Along the way, Ji would lie on his security clearance paperwork -- failing to disclose his relationship with his MSS handler, Xu -- and again later, while undergoing interviews required for higher-level clearances.

"Ji's plan was to obtain his citizenship quickly by joining the U.S. military and obtain a top-secret security clearance," prosecutors said in a sentencing memo for Xu, adding that he did, in fact, apply for U.S. citizenship.

Ji ended up telling an FBI undercover agent at some point in his short Army career that he was not only willing to help MSS operatives obtain sensitive information but also to help recruit other Chinese enlistees in the MAVNI program.

"Ji reported that he had access to all military bases with his military ID and volunteered, without prompting, to take pictures of aircraft carriers for the MSS," court documents said, before adding that "he specified that he was able to freely enter Roosevelt-class, nuclear-powered, aircraft carriers."

While the U.S. Navy does not have Roosevelt-class aircraft carriers, it does have a nuclear-powered aircraft carrier called the USS Theodore Roosevelt that is stationed in San Diego, California.

Meanwhile, Xu's other operatives were busy trying to steal technology related to GE Aviation's exclusive composite aircraft engine fan module -- something "no other company in the world has been able to duplicate," according to federal prosecutors. He also directed agents in France to plant malware on the work computer of an employee of an aircraft engine manufacturer, "with the ultimate goal of being able to infiltrate the company's network in France," prosecutors said.

Xu's arrest came in April 2018 when he traveled to Belgium to meet up with a GE Aviation employee who was supplying him with information.

Meanwhile, Ji would be arrested in the fall of 2019 -- just over three years after he enlisted in the Army Reserve.

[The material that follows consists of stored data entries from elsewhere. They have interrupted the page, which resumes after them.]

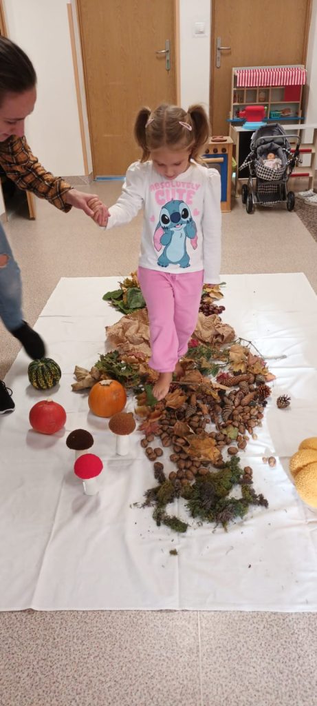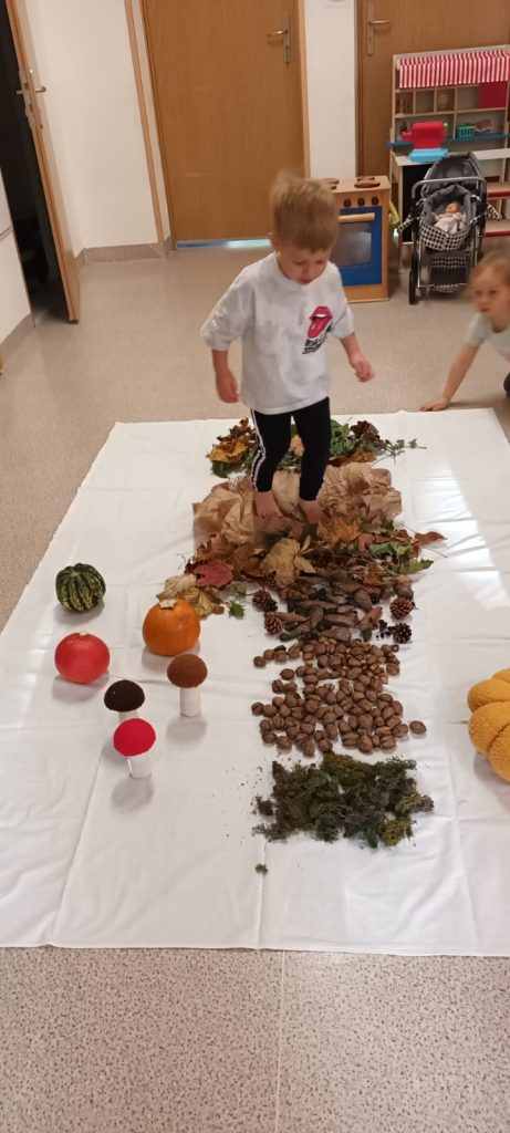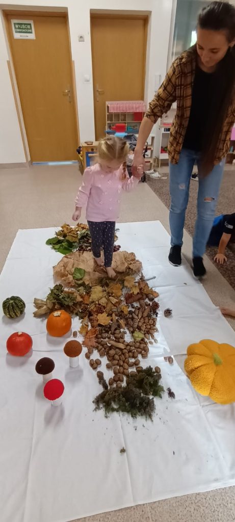 w jesiennych tańcach i zabawach sensorycznych, które rozwijają ich ciekawość przyrodniczą
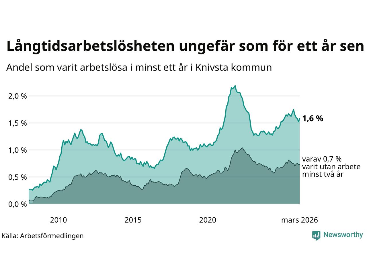 | Andel arbetslösa i minst två år | 0,7 % | 1,3 % | 1,6 % |
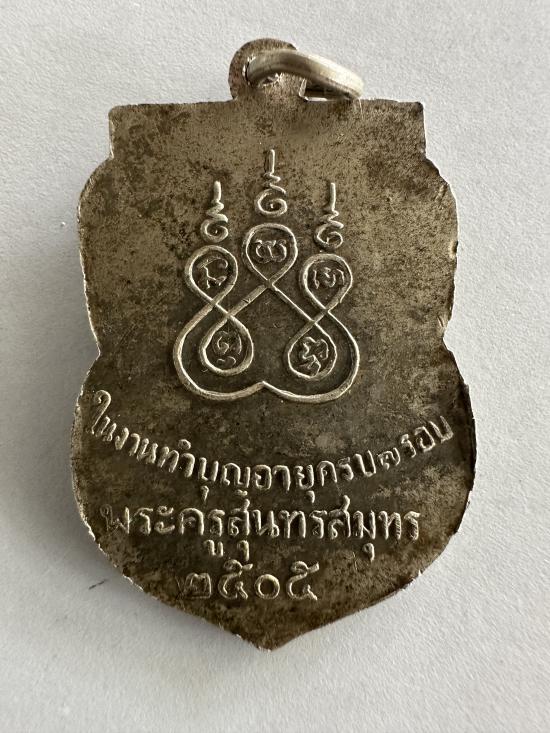 *เคาะเดียว*เหรียญเสมาพระครูสุนทรสมุทร (ปลั่ง) วัดกลางสมุทรปราการ เนื้ออัลปาก้า ปี 2505
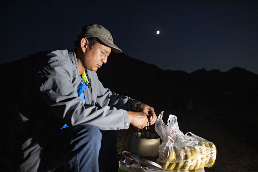 ↑2021年8月13日晚,李世翔在寧夏銀川市境內的三關口土夯明長城附近吃晚飯。為節省時間和開支,他自帶了泡面、餅子和咸菜。

Court documents and official statements on the two men make no mention of what material Ji was able to pass along while he was serving the Army, but one press release noted that the Army's 902nd Military Intelligence Group -- a counterintelligence unit based in Fort Meade, Maryland, "provided valuable assistance" in investigating the case.

Ji was convicted in September on two counts related to being an agent of a foreign government, a count of making a false statement to the U.S. Army, and two counts of wire fraud. He has yet to be sentenced.